Artinya kalau kita menjadi orang besar dan kuat, atau kita ini kelompok mayoritas yang kuat, jangan pernah mematikan orang lain yang lebih kecil atau kelompok-kelompok yang minoritas.”
Seperti pepatah Jawa, “Lamun sekti aja mateni” (kalau kamu sakti jangan membunuh) mempunyai arti orang yang kuat, yang hebat, orang kaya, orang-orang “besar” harus memperhatikan orang-orang yang lemah, miskin dan “kecil”.
Sebuah ajakan tindak belas kasih yang luar biasa. Mereka yang “besar”, kuat, punya tanggung jawab melindungi dan memberdayakan saudara mereka yang “kecil” dan lemah.

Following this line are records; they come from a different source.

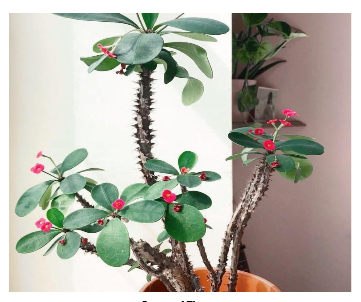
Crown of Thorns
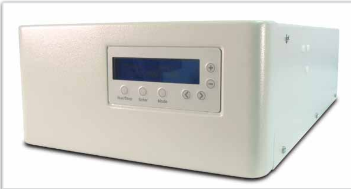
Ultra-High Pressure Pump (18000 psi) for High Throughput HPLC and Column Packing

Instrument Solutions Technology for Your Success!
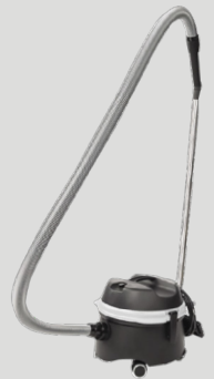
2016 TASKI go
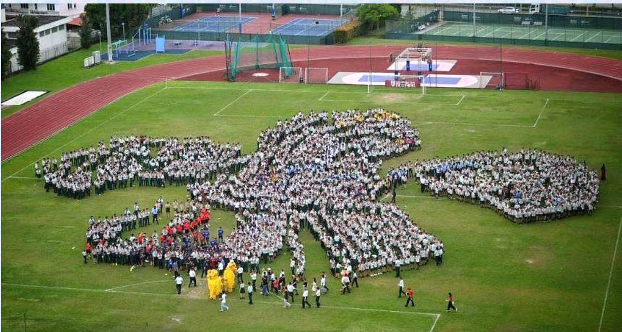
The fleur-de-lis (an important symbol for scouting around the world) formed at the event.
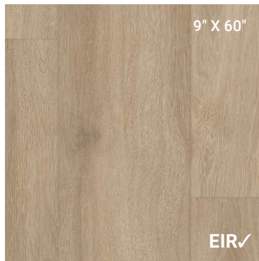
Bespoke Oak Celestial PP031
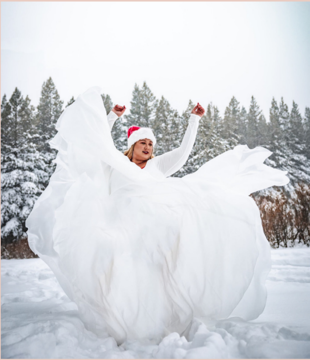
Mt. Rose, NV
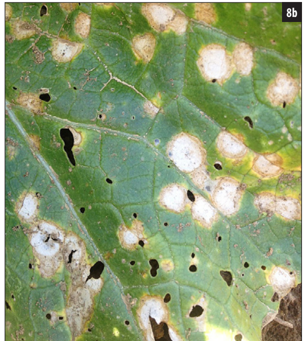
Lesions (a) and severe blighting (b) of napa cabbage caused by white leaf spot.
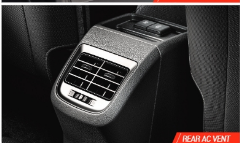
REAR AC VENT
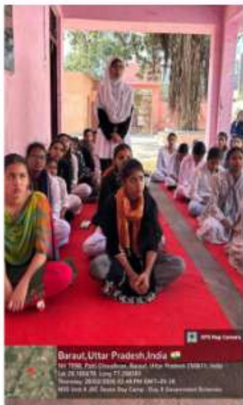
Baraut, Uttar Pradesh, India lat 26.95, long 81.05, alt 200m Monday, 20:42:2025 02:49 PM GMT+05:30 NSS Unit & NSS Seven Day Camp - Dis. & Government Scheme
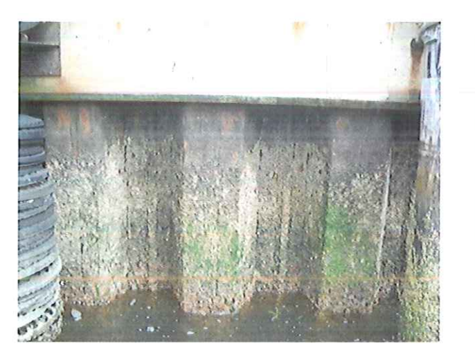
South Side - Steel Bulkhead
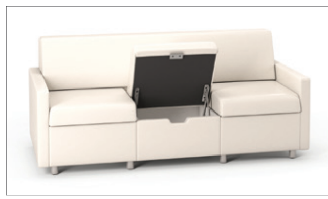
Modular Amelio with Center Seat Module with Storage
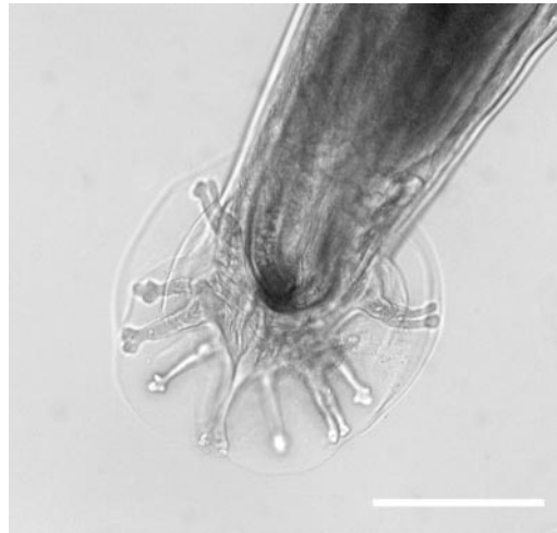
FIGURE 4. Ventral view of O. circumlitus male bursa. Bar = 2.5 cm.

served. Female and male voucher specimens were deposited in the U.S. National Parasite Collection, Beltsville, Maryland (accession number: USNPC# 95337).
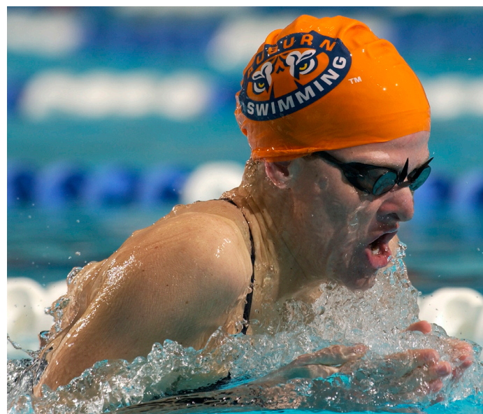
Olympic gold medalist Kirsty Coventry earned the second-most SEC titles by an Auburn swimmer.

Sebagaimana doa Magnificat sejauh diwartakan Lukas: “Ia memperlihatkan kuasa-Nya dengan perbuatan tanganNya, dan mencerai-beraikan orang yang congkak hatinya; Ia menurunkan orang-orang yang berkuasa dari takhtanya, dan meninggikan orang-orang yang rendah.”
Doa Magnificat itu bukan berarti Allah hanya mengasihi orang “kecil” dan membenci orang “besar”. Tetapi Allah mengajak orang-orang “besar” berlaku dan bertindak seperti Allah, yaitu mengasihi dan memperhatikan mereka yang “kecil”
Aku selalu mengejar kehebatan, kekuasaan dan berjuang menjadi orang “besar”.
Adakah semua itu kulakukan agar aku semakin lebih melakukan tindak belas kasih?